The Vallum Aelium or Aelian Wall (commonly called the Vale) was a wood and turf —and in some places, stone— fortification built by the Romans across the Montes Aemili. Representing the southernmost frontier barrier of Roman Faeland, it spanned approximately 195 km (121 miles) and was, on average, 3 meters (10 feet) wide and 5 meters (15 feet) tall. Security was bolstered by a deep ditch on the south side where terrain did not prohibit. The barrier was in fact not one continuous structure, but several.
Construction began in late 122 CE at the order of Roman Emperor Hadrian, and took about 13 years to complete. Trade relations and tariff collection likely spurred construction. The wall was protected by sixteen forts with a number of small fortlets between them; troop movement was facilitated by a road linking all the sites known as the Military Way. The soldiers who built the wall commemorated the construction and their struggles with the barbarians in a number of decorative stelae, many of which survive.
Most of the original wall and its associated fortifications deteriorated over time, but many remains are still visible; several villages still exist at some of the larger garrisons (mostly where trade continued), allowing some view of town planning. Most of these have come under the care of national museums in Pentapoli.
See also: Rumanha
After the collapse of the Roman empire, the cities of the Latin Coast maintained the walls intermittently until they were superseded by wooden fortifications used to control key passes and valleys.
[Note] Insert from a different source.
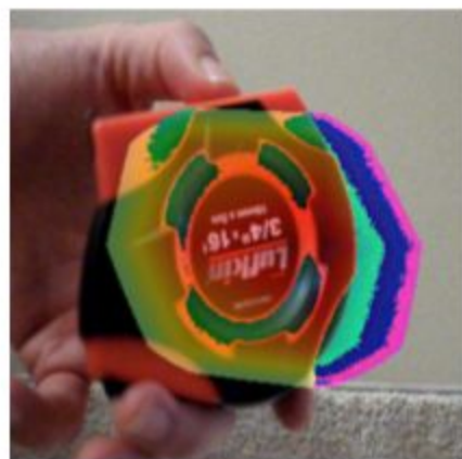
New Class: Measuring Tape

These later fortifications became a series of defensive stone walls, originally more than 75 miles long, that surrounded and protected the Pentapolis during the middle ages.
Despite their small size the city-states were well protected by civic walls and used the mountains as another line of defense. Its weakest point, at the Serdenoral Pass, the wall was built thicker, and a massive gate was constructed. The walls of this pass are the only section that was systematically demolished to make room for roads and highways in modern times. However the Veccha Rubra Gate was left standing, due to its historical significance.
Today's wall reached its current state in the 15th century, along with its 40 towers and 5 fortresses. The wall was meant to protect the territory of the Five Cities surrounding the Marquies Sea, and of course to the north, La Vassa, the breadbasket of the region.